French troops withdrawal: Red flag for Nigeria, others



French troops withdrawal: Red flag for Nigeria, others


By Akpo Ometan


The forthcoming withdrawal of French troops currently battling Islamist insurgents across vast swathes of West and Central Africa constitutes a red flag for Nigeria and other nations in the affected regions of Africa, analysts are saying.


This is coming on the heels of Thursday’s Press Conference where French President Emmanuel Macron announced an imminent drawing down on troops in the ongoing insurgency containment exercise, code-named Operation Barkhane.


According to him, the full details of the draw down package were still being worked out and would be released later in the month. He also hinted that going forward, the rest of French involvement in containing the growing activities of insurgents in the area would be accommodated under a broad international arrangement. Some analysts think that this is indicative of a greater role for the United Nations in the area.


Till date, France has defence pacts with many of the countries in West and Central Africa and it is on account of those agreements that it has for several years now been engaged in efforts aimed at containing the spread of insurgency in the areas.


From Burkina Faso to Mali to Niger and Chad, the French have for long maintained an ubiquitous presence in the regions. However, notwithstanding the heavy involvement of Paris, the insurgents have continued to take territories and expand their reach.


Macron himself fingers poor governance in the region  as a major factor in the continuing inability of the established state institutions in the regions to domestically establish firmer control and wade off the terrorists. While analysts agree with him on this score, they also point to the fact that some of the obnoxious economic burdens placed upon the countries under the extant La Francophonie treaties also significantly constrain them in terms of how much resources are available to them after servicing their questionable financial and economic obligations to France. They also point to French support for propping up dictators in the region which undermine popular involvement of the people in upholding their states.


Another factor contributing to the spread of the insurgency, analysts say, is the routing of Islamic State in the Middle East which had encouraged their consequent flight from that region and relocation to Africa. This ‘flight to softer areas sequence’ is a pattern that usually takes place from time to time.


For example, while speaking on Arise Television recently, President Muhammadu Buhari of Nigeria conceded that a lot of the banditry, kidnapping and criminality that has presently engulfed literally all parts of Nigeria may be directly connected to his administration’s fight against Boko Haram insurgents in the North East of the country which has, as he put it, had the unintended consequence of having the insurgents fan out all across the country.

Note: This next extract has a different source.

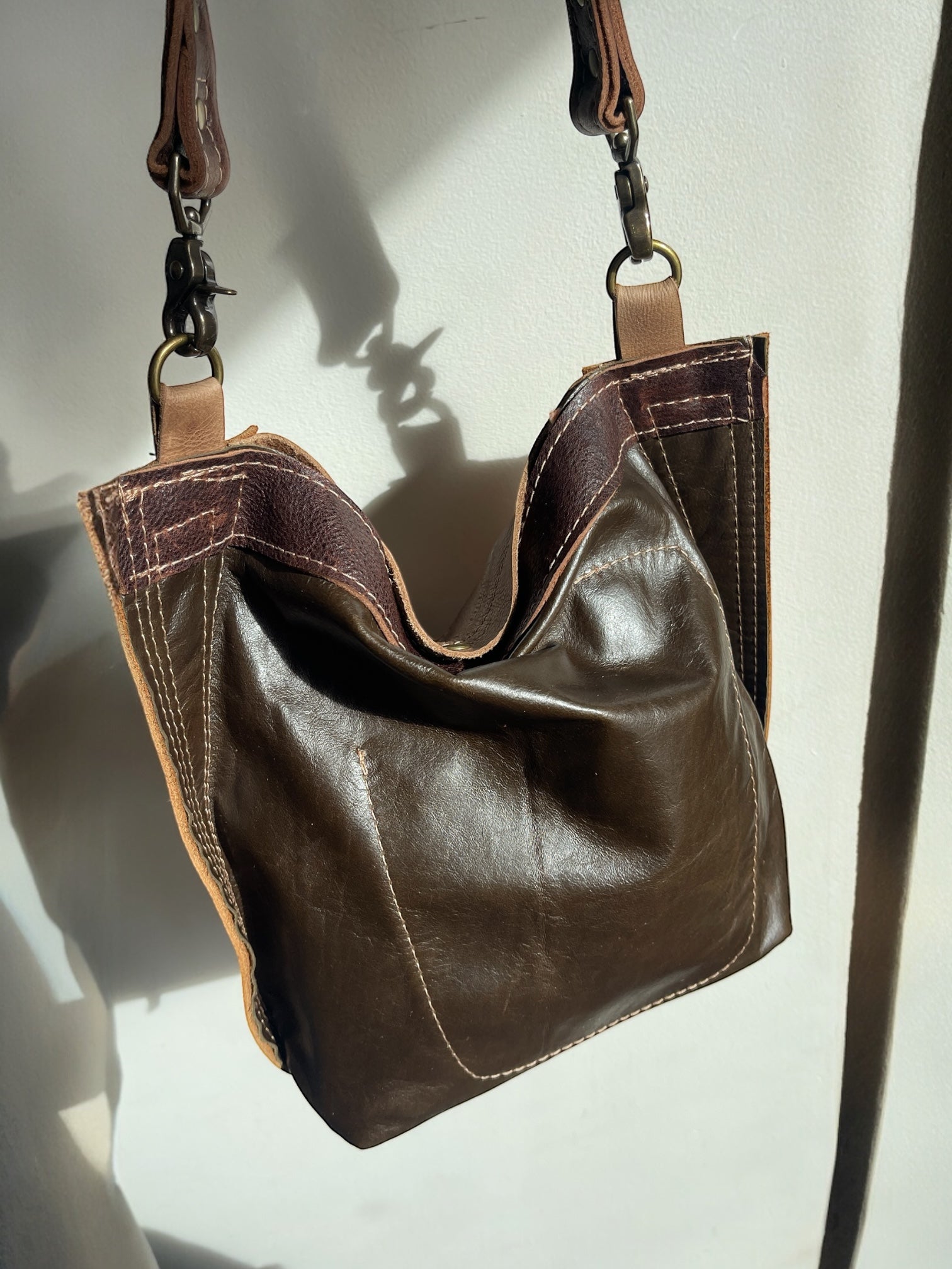 I saw another designer recreate this 1970’s retro bag and I had to give it a try! One of a kind, upcycled leathers/patchwork bag.

For Nigeria, which is merely separated from the crisis hotbed in Mali by its closest neighbour, Niger – which is equally not at peace – the Islamists crisis is also being compounded by the fact that elements from the Islamic State, namely the Islamic State in West Africa Provinces, ISWAP, have continued to push to consolidate their hold on about all of the Islamist factions in the country. More recently for example, they reportedly took out the leader of the Boko Haram sect, Abubakar Shekau. And with Boko Haram and ISWAP also being fingered as being linked to some of the banditry and kidnapping operations in other parts of the country, it is clearly a moot point to say that Nigerians and indeed other Africans should not be bothered about the potential impact of the French  troops withdrawal exercise.


Domestically, a lot of the debate in Nigeria now is centred around loosening the security infrastructure, and notably that of the police, in such a way as to encourage greater local involvement and participation in taking on the insurgent elements. However, the Buhari administration has continued to show an open preference for continuing to maintain the current centrallised system. This is one of the thorny points that an ongoing constitutional amendment process that is underway in Africa’s most populous nation, is expected to take on in the next few days.


Is it also an appropriate time to revive discussions about a more functional and viable African High Command? We wait.